Retype, exactly as they stand, the lines from the start of the data to the line that contains "葉の特徴は半垂葉で硬く、厚葉、肉厚、濃緑葉覆輪で青花です。 | |||||||||", both ends included. Leave the pictures out.

DATA SHOWN ▸
···
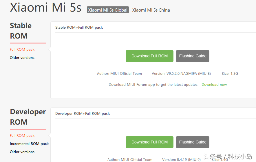 小米5S为例,我下载的是"Xiaomi Mi 5s Latest Global Stable Version Fastboot File Download"最新国际稳定版本。
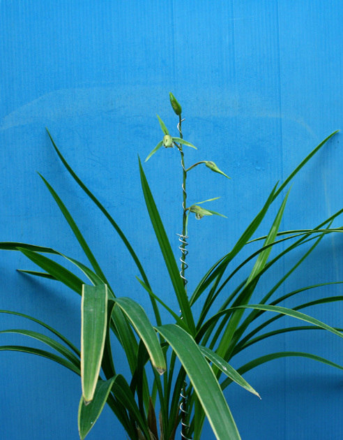 | 寒蘭の特徴: | 葉の特徴は半垂葉で硬く、厚葉、肉厚、濃緑葉覆輪で青花です。 | |||||||||
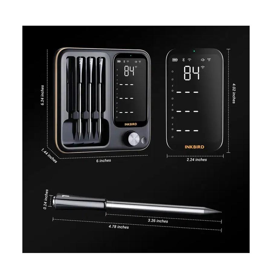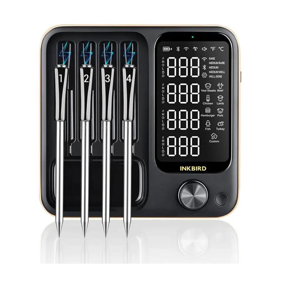 מדחום מתקדם מבית Inkbird, הכולל 4 פרובים אלחוטיים, קישוריות כפולה (WiFi ו-Bluetooth), וסוללה נטענת עם בסיס חכם בעל מסך LCD.
···
SOLUTION TO THIS TASK ▸
 小米5S为例,我下载的是"Xiaomi Mi 5s Latest Global Stable Version Fastboot File Download"最新国际稳定版本。
 | 寒蘭の特徴: | 葉の特徴は半垂葉で硬く、厚葉、肉厚、濃緑葉覆輪で青花です。 | |||||||||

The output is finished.